__Problem details__
The entries that follow should come back exactly, with no pictures among them.

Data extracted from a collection

'''

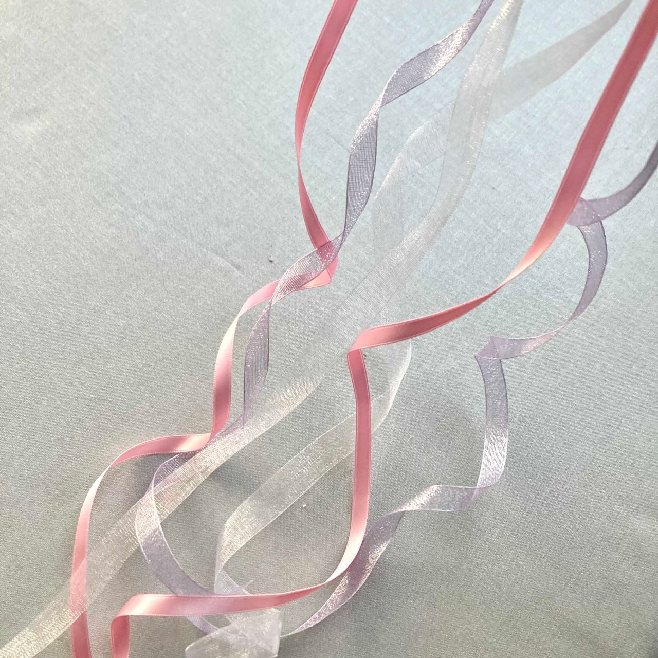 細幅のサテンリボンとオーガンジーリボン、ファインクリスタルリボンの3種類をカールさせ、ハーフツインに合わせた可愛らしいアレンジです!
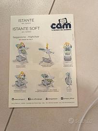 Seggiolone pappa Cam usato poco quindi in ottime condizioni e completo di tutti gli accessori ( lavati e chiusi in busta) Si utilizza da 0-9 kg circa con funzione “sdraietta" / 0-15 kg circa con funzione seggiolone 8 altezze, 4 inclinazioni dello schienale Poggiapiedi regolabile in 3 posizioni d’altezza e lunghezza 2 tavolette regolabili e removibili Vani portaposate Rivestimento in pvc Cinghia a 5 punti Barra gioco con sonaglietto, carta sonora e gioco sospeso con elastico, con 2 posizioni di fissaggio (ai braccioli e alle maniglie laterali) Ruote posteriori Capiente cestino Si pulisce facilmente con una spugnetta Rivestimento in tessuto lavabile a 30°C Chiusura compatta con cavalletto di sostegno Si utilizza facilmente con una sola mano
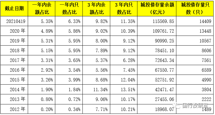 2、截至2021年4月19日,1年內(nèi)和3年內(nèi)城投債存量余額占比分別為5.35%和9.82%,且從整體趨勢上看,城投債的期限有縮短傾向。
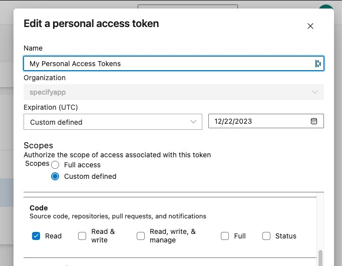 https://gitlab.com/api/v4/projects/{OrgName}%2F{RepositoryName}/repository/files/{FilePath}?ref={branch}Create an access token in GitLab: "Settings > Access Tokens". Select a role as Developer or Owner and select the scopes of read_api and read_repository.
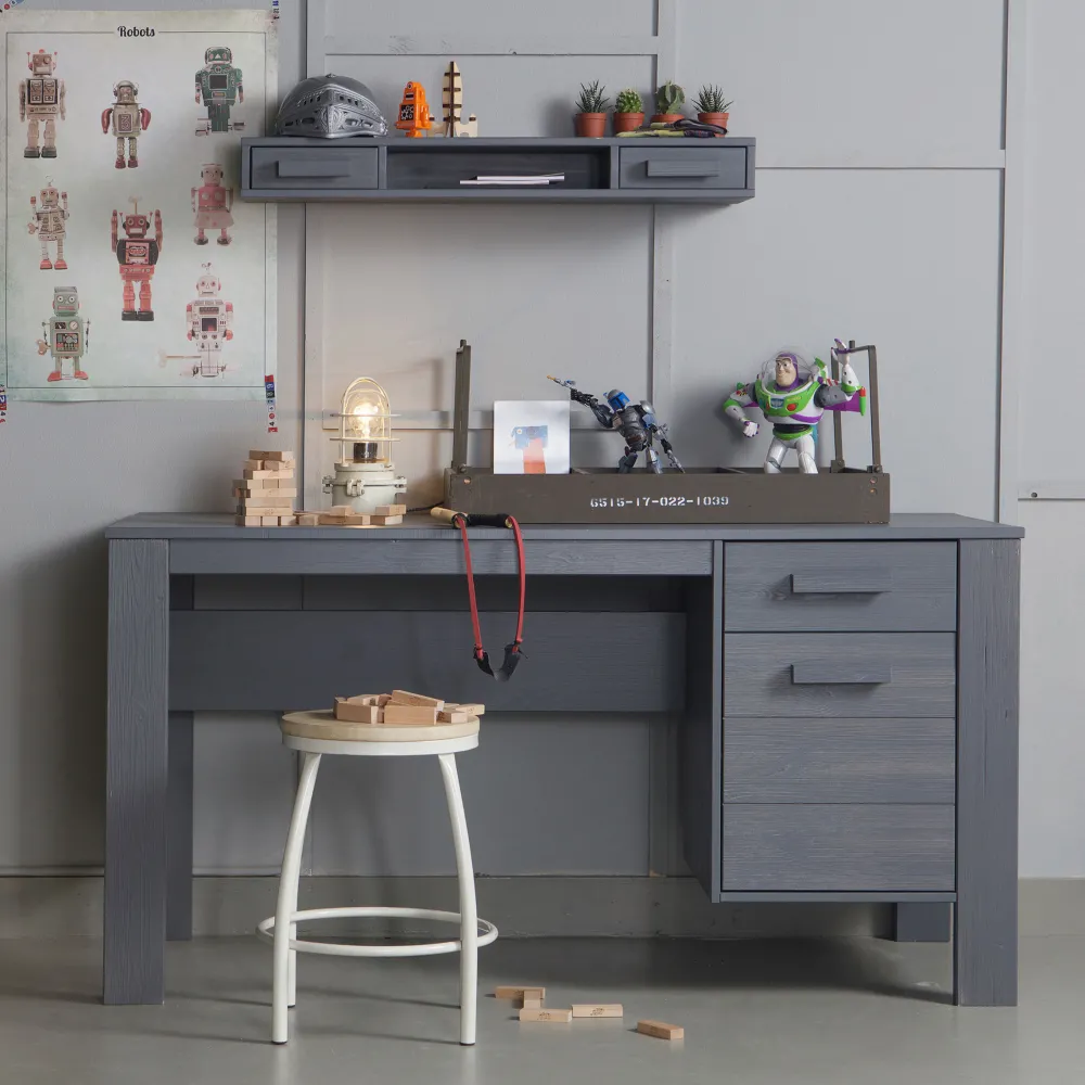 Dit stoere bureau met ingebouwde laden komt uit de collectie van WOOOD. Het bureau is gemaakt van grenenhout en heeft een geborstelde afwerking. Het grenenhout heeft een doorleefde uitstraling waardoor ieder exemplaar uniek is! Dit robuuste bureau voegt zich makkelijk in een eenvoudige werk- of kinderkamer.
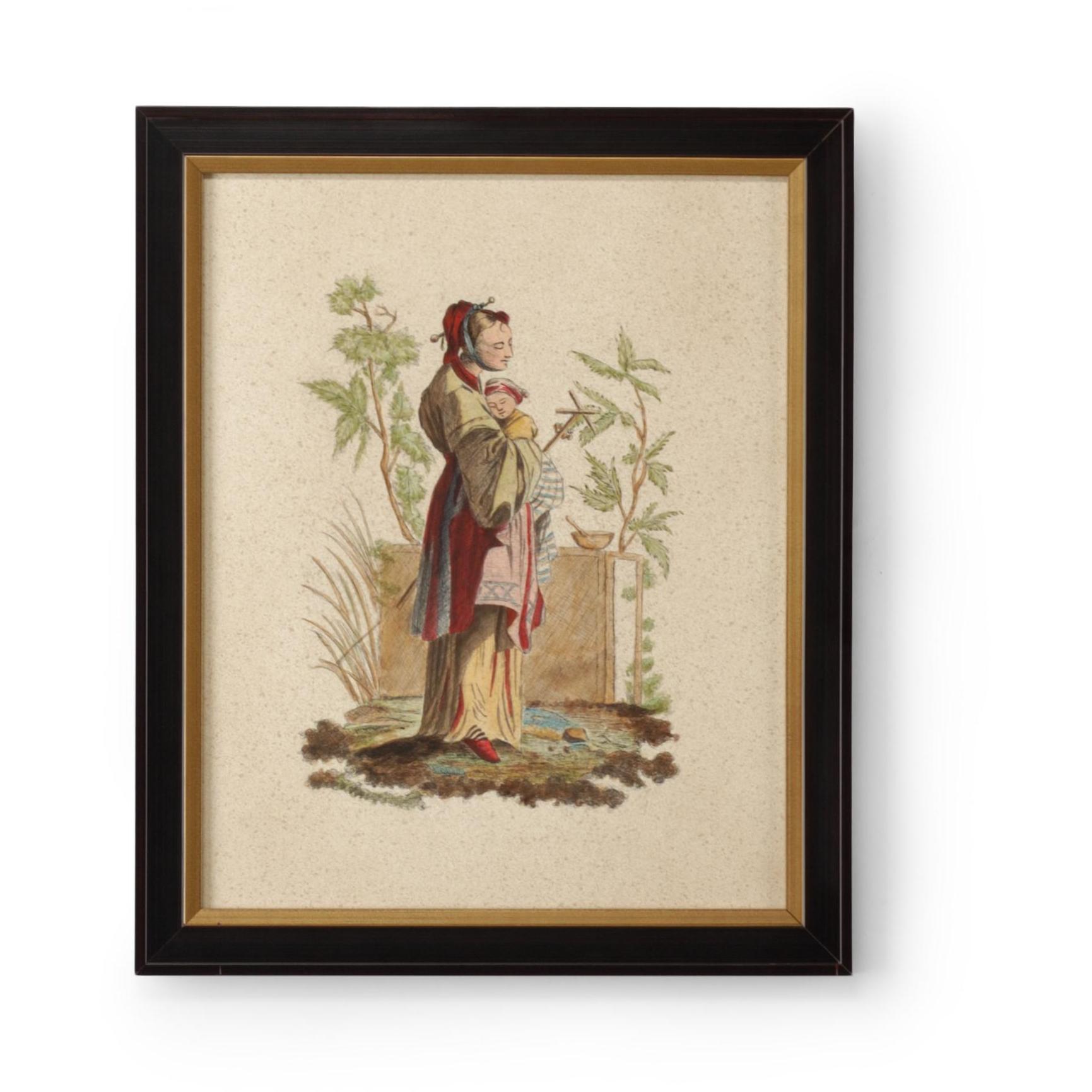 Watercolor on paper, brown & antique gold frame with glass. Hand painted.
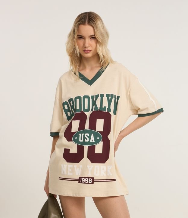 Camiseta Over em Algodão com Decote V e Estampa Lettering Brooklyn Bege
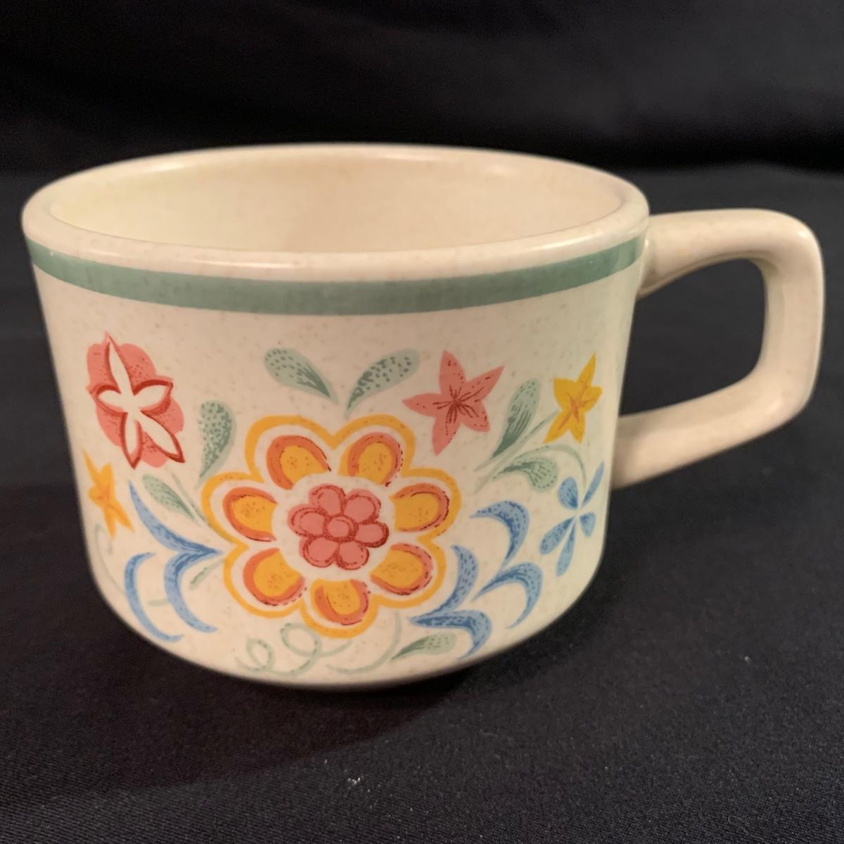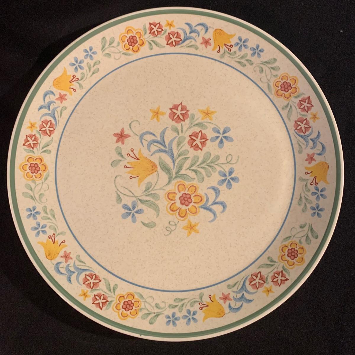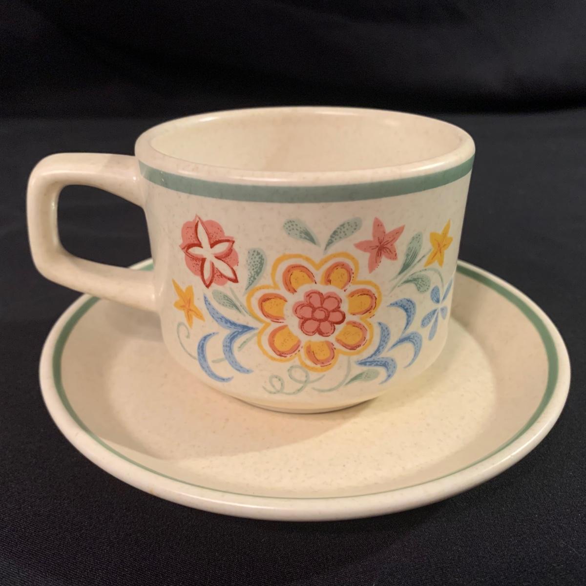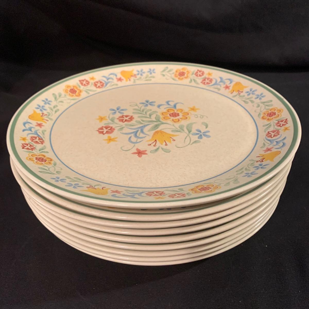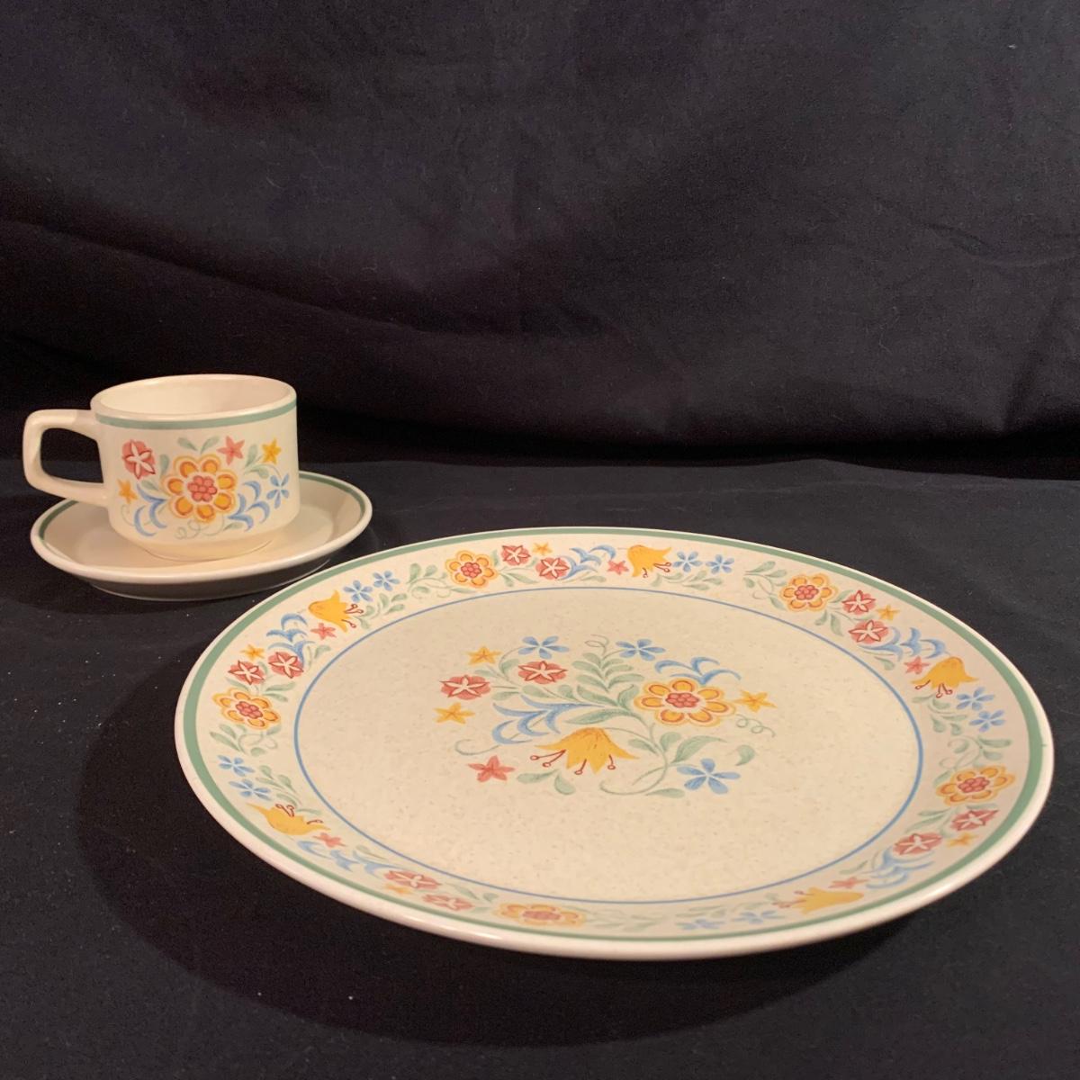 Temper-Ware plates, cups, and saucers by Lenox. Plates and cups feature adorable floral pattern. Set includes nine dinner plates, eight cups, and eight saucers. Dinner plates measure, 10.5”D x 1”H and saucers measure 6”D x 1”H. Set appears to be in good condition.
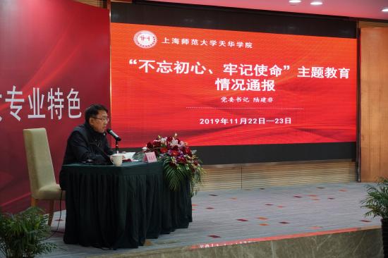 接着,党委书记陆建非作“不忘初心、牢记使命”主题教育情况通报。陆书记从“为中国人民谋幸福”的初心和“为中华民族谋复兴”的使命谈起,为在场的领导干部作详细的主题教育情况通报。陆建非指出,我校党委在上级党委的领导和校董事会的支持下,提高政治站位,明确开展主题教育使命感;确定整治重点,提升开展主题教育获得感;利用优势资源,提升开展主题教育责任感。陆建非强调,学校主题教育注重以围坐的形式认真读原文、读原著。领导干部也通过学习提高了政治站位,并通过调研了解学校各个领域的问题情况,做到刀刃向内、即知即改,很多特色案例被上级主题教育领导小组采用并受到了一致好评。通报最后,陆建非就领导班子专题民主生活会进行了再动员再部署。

'''

__Exercise output__
 細幅のサテンリボンとオーガンジーリボン、ファインクリスタルリボンの3種類をカールさせ、ハーフツインに合わせた可愛らしいアレンジです!
 Seggiolone pappa Cam usato poco quindi in ottime condizioni e completo di tutti gli accessori ( lavati e chiusi in busta) Si utilizza da 0-9 kg circa con funzione “sdraietta" / 0-15 kg circa con funzione seggiolone 8 altezze, 4 inclinazioni dello schienale Poggiapiedi regolabile in 3 posizioni d’altezza e lunghezza 2 tavolette regolabili e removibili Vani portaposate Rivestimento in pvc Cinghia a 5 punti Barra gioco con sonaglietto, carta sonora e gioco sospeso con elastico, con 2 posizioni di fissaggio (ai braccioli e alle maniglie laterali) Ruote posteriori Capiente cestino Si pulisce facilmente con una spugnetta Rivestimento in tessuto lavabile a 30°C Chiusura compatta con cavalletto di sostegno Si utilizza facilmente con una sola mano
 2、截至2021年4月19日,1年內(nèi)和3年內(nèi)城投債存量余額占比分別為5.35%和9.82%,且從整體趨勢上看,城投債的期限有縮短傾向。
 https://gitlab.com/api/v4/projects/{OrgName}%2F{RepositoryName}/repository/files/{FilePath}?ref={branch}Create an access token in GitLab: "Settings > Access Tokens". Select a role as Developer or Owner and select the scopes of read_api and read_repository.
 Dit stoere bureau met ingebouwde laden komt uit de collectie van WOOOD. Het bureau is gemaakt van grenenhout en heeft een geborstelde afwerking. Het grenenhout heeft een doorleefde uitstraling waardoor ieder exemplaar uniek is! Dit robuuste bureau voegt zich makkelijk in een eenvoudige werk- of kinderkamer.
 Watercolor on paper, brown & antique gold frame with glass. Hand painted.
 Camiseta Over em Algodão com Decote V e Estampa Lettering Brooklyn Bege
 Temper-Ware plates, cups, and saucers by Lenox. Plates and cups feature adorable floral pattern. Set includes nine dinner plates, eight cups, and eight saucers. Dinner plates measure, 10.5”D x 1”H and saucers measure 6”D x 1”H. Set appears to be in good condition.
 接着,党委书记陆建非作“不忘初心、牢记使命”主题教育情况通报。陆书记从“为中国人民谋幸福”的初心和“为中华民族谋复兴”的使命谈起,为在场的领导干部作详细的主题教育情况通报。陆建非指出,我校党委在上级党委的领导和校董事会的支持下,提高政治站位,明确开展主题教育使命感;确定整治重点,提升开展主题教育获得感;利用优势资源,提升开展主题教育责任感。陆建非强调,学校主题教育注重以围坐的形式认真读原文、读原著。领导干部也通过学习提高了政治站位,并通过调研了解学校各个领域的问题情况,做到刀刃向内、即知即改,很多特色案例被上级主题教育领导小组采用并受到了一致好评。通报最后,陆建非就领导班子专题民主生活会进行了再动员再部署。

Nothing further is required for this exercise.